Consultation requires the target provider's API key in ~/.omega/secrets.json. If the key is missing, the tool is unavailable (no error, just not shown in the tool list).

Tips

Warm the router at session start. Calling omega_warm_router loads ONNX prototypes into memory, reducing first-route latency from ~50ms to <2ms.
Classification is free. omega_classify_intent runs entirely locally via ONNX --- no API calls, no cost, sub-2ms latency. Use it liberally.
Priority modes are session-wide. omega_set_priority_mode affects all subsequent routing in the session. Override per-prompt with the priority parameter on omega_route_prompt.
Context affinity reduces churn. The router prefers to stay on the current model. It will only switch when a different model is significantly better for the intent.
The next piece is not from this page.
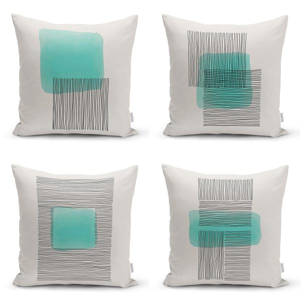 Geometrik Ve Leopar Desen Tasarımlı Modern Dijital Baskılı 4’lü Yastık Kırlent Kılıf Seti

Estimated tokens matter. If you know a prompt involves a large context, pass estimated_tokens to trigger the large-context override. Without it, the router cannot know the full context size.
Secrets file permissions. ~/.omega/secrets.json should be chmod 600. The CLI omega setup sets this automatically.
Not all providers are required. The router works with whatever providers have valid keys. Missing providers are simply skipped during routing.
Force an intent. If you disagree with the classifier, use force_intent on omega_route_prompt to override classification.